But even with her head shaved, the lifeless pallor to her skin, and the gray jumpsuit/uniform of all Servants, Jones had difficulty convincing himself that the rebel Servant wasn't human, that she was already dead and merely reanimated, that she didn't matter.

The Enforcer found his reprimand ironic: Starting tomorrow, he would be taken from his easy post-curfew beat for full-time service at Resurrection, Inc. to escort newly resurrected Servants to their assignments.

But at least it would get him away from Frampton and his constant inane chattering.

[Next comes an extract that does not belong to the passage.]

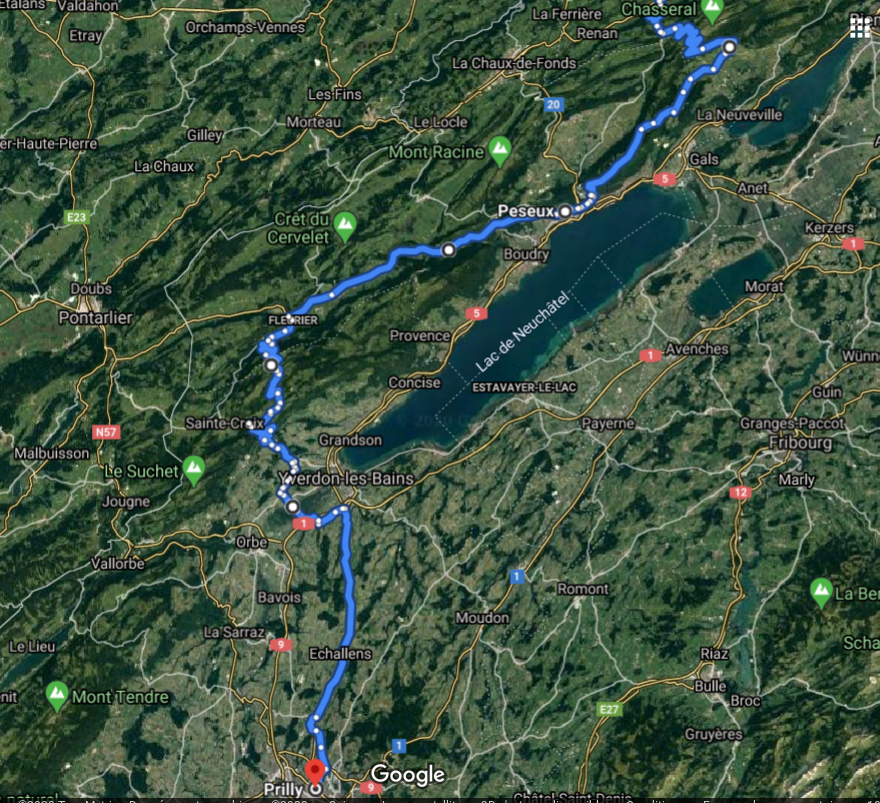 ensuite quelques virolets sympathiques en direction de Peseux, ou j’ai eu l’honneur de prendre deux trois gouttes de pluie … qui se sont transformées en un orage gargantuesque , le temps de me parquer et de me mettre a l’abri sur une terrasse couverte … 😉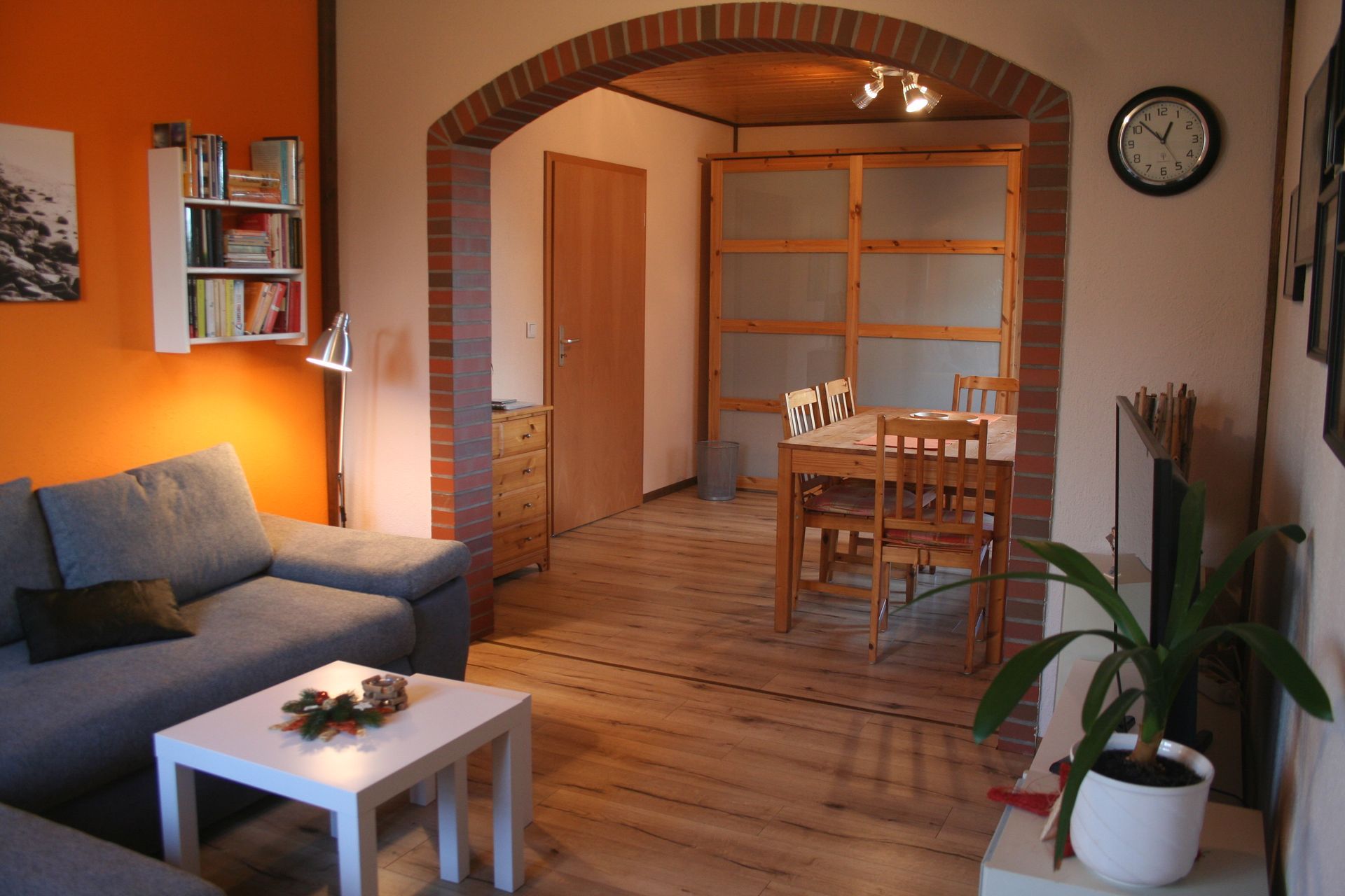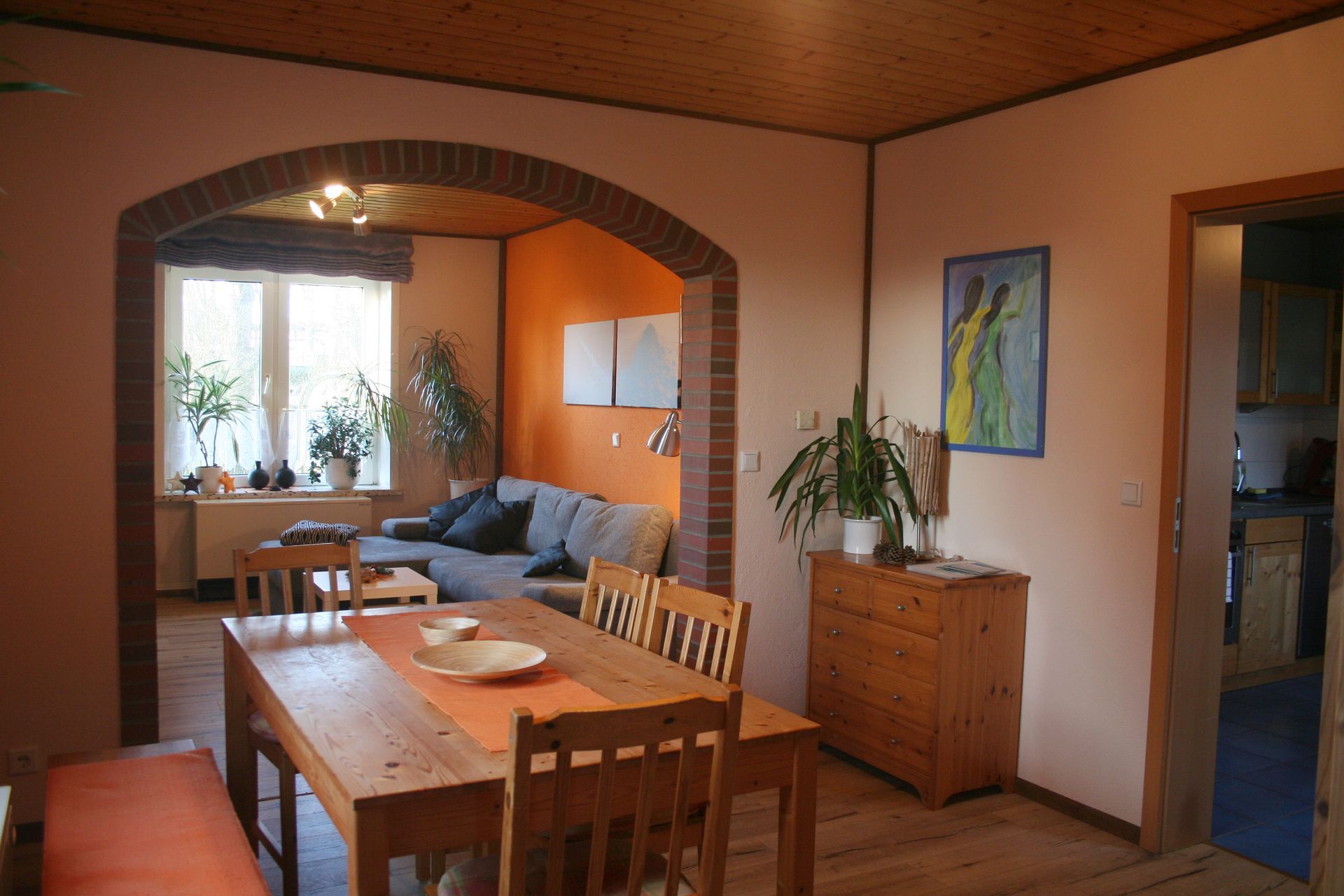geräumiges Esszimmer mit offenem Durchgang zum Wohnzimmer

They placed the slain man in the back compartment of the hovercar, folding his arms and legs to fit him into the cramped space. Frampton stood with a miniature Net keyboard in his hand, punching in data about the discovery. "Verify cause of death," Frampton said. "Single wound, no other apparent bodily damage, no identity information on The Net."

Jones glanced at the wound in the man's chest. "Concur."

"To Resurrection, Inc., right?"

"Yeah."

Frampton dropped his voice slightly. Because of the dark visor, Jones could read no expression on his partner's face. "Man, I hope that never happens to me."

Jones closed the compartment and set the controls for quick-freeze. A hissing noise filled the air. He knew exactly what Frampton meant, but he asked anyway, "What? Being a neo-Satanist sacrifice, or becoming a Servant?"

"Neither one."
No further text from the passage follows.